Anche la sedia è unica nel suo genere. Rigorosamente in legno, non ha le classiche quattro gambe, ma un piedistallo quadrato o rettangolare, per scivolare meglio sul pavimento. Poi ci sono i macchinari:

  • Il laminatoio a freddo: che tira il filo d’oro;
  • Il forno: dove si fondono i metalli;
  • Le lingottiere: che danno forma grezza al metallo liquido che viene poi lavorato a seconda delle esigenze.

Nulla è lasciato al caso. Una visita in un laboratorio di un orafo è una vera e propria esperienza dove si percepisce la passione, l’amore e l’impegno nel portare avanti uno dei più antichi mestieri del mondo.

Mestieri Preziosi: La vita dell’orafo. Quali sono i metalli utilizzati dall’orafo?

Il mestiere dell’orafo è un lavoro in cui si lavorano le pietre e i metalli più rari e preziosi. L’oro e l’argento, i più utilizzati perché possiedono proprietà uniche. La lucentezza dell’oro, la sua rarità e le sue particolari caratteristiche chimiche hanno riservato a questo metallo un posto d’eccellenza nella storia della produzione di gioielli. L’argento, associato alla luna, è uno dei metalli più apprezzati della gioielleria, così malleabile, con la sua lucentezza naturale è utilizzato fin dall’antichità.

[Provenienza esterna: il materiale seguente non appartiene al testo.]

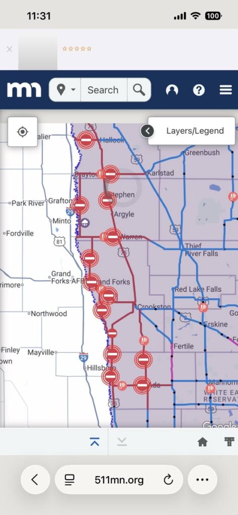 (10:45 a.m.) The Minnesota Department of Transportation has closed area highways, previously no travel advised, in northwestern Minnesota due to high winds causing blowing snow and zero visibility. The following roads are now closed:

Eccellenze artigiane. Il Maestro Riverso: L’orafo che porta avanti la Calabria

Un mestiere antico, ancora perfettamente conservato in un piccolo paesino della Calabria, a Davoli, in provincia di Catanzaro. Qui si tramanda la passione, l’arte e l’entusiasmo di questo straordinario lavoro.

Da 40 anni il Maestro Riverso trasmette ai suoi allievi l’antico mestiere dell’orafo, perché crede nella tradizione del Vero Gioiello, interamente prodotto a mano. Espressione dello stile italiano che tutto il mondo ci ammira.

La passione, la dedizione e l’impegno nel portare avanti il mestiere più prezioso del mondo hanno reso il Maestro Riverso uno degli orafi calabresi più affermati sul panorama nazionale.

Capace di rinnovarsi sempre, continua  a dettare le tendenze facendo evidenziare così l’eccellenza dei gioielli calabresi.